Скрупулезность памяти, 1941
КАК ПЕРВЫЙ дедушкин оргазм предназначался не для Зоши, так и бомбы, которые его спровоцировали, предназначались не для Трахимброда, а для цели где-то в Ровенских холмах. Пройдет еще девять месяцев (как ни странно, именно в День Трахима), прежде чем сам штетл станет объектом прямой атаки нацистов. Но в ту ночь воды Брод рвались на берег с таким неистовством, будто война началась, и ветер доносил до ушей раскаты взрывов, и жители штетла трепетали, как если бы их тела были живыми мишенями. С той минуты — 9:28 вечера 18 июня 1941 года — все изменилось.

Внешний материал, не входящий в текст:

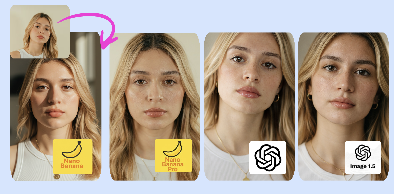 Results: In this character consistency test, Nano Banana often looks slightly artificial. Nano Banana Pro and GPT-4o produce more natural and consistent characters, keeping key identity features stable across images. GPT Image 1.5 performs moderate here.

В Дымках Ардишта сигареты теперь курили задом наперед, обхватывая губами тлеющий конец вместо фильтра, чтобы их нельзя было заметить издалека.
В цыганском таборе свернули шатры, разобрали крытые соломой хибары и стали жить без прикрытия, стелясь по земле, как человеческий мох.
В Трахимброде же всех охватила необъснимая вялость. Граждане, некогда перетрогавшие столько разных вещей, что невозможно было установить, к чему они не притрагивались, теперь сидели сложа руки. Деловитость уступила место раздумьям. Воспоминаниям. Любая вещь каждому о чем-нибудь напоминала, что поначалу казалось трогательным (как запах догоревшей спички пробуждает память о первых днях рождения, а вспотевшая ладонь — о первом поцелуе), но быстро стало губительным. Воспоминания рождали воспоминания, которые рождали воспоминания. Поселяне сделались живым воплощением мифа, который им столько раз рассказывали: как сумасшедший Софьевка обвязал себя узелками, чтобы, пользуясь одним воспоминанием, вспомнить другое, но запутался в их последовательности и, сколько ни старался, так и не вспомнил, где начало, а где конец.
В попытке разобраться в хаосе воспоминаний мужчины чертили схемы (которые были не чем иным, как воспоминаниями о генеалогических деревьях). Они попробовали двигаться по цепочке назад, подобно Тезею в поисках выхода из лабиринта, но зарывались все глубже, дальше.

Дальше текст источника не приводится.